JEE Mains · Maths · STD 12 - 10. vector algebra
Let \(\quad \overrightarrow{\mathrm{a}}=2 \hat{\mathrm{i}}+\alpha \hat{\mathrm{j}}+\hat{\mathrm{k}}, \quad \overrightarrow{\mathrm{b}}=-\hat{\mathrm{i}}+\hat{\mathrm{k}}, \quad \overrightarrow{\mathrm{c}}=\beta \hat{\mathrm{j}}-\hat{\mathrm{k}}\), where \(\alpha\) and \(\beta\) are integers and \(\alpha \beta=-6\).
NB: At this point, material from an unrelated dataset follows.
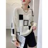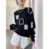Color Blocked Checkered Knitted Sweater Top for Women In Spring and Autumn Thin Style Retro Round Neck Mohair Sweater
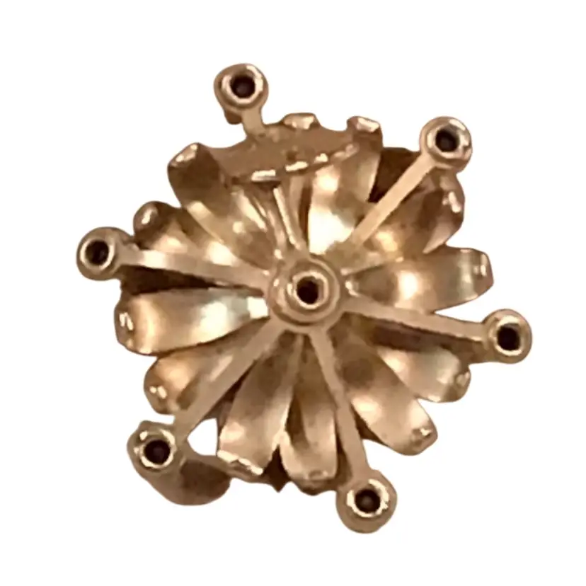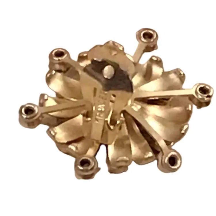 Kramer clip on earrings, featuring aurora, borealis rhinestone clusters, suede type in starburst gold tone setting, signed Kramer. 1.5” dia. excellent condition

Let the values of the ordered pair \((\alpha, \beta)\) for which the area of the parallelogram of diagonals \(\vec{a}+\vec{b}\) and \(\vec{b}+\vec{c}\) is \(\frac{\sqrt{21}}{2}\), be \(\left(\alpha_1, \beta_1\right)\) and \(\left(\alpha_2, \beta_2\right)\). Then \(\alpha_1^2+\beta_1^2-\alpha_2 \beta_2\) is equal to
- A \(17\)
- B \(24\)
- C \(21\)
- D \(19\)
Answer & Solution
Correct Answer
(D) \(19\)
Step-by-step Solution
Detailed explanation
\( \text { Area of parallelogram } \left.=\frac{1}{2} \right\rvert\, \overrightarrow{\mathrm{d}}_1 \times \overrightarrow{\mathrm{d}}_2 \)…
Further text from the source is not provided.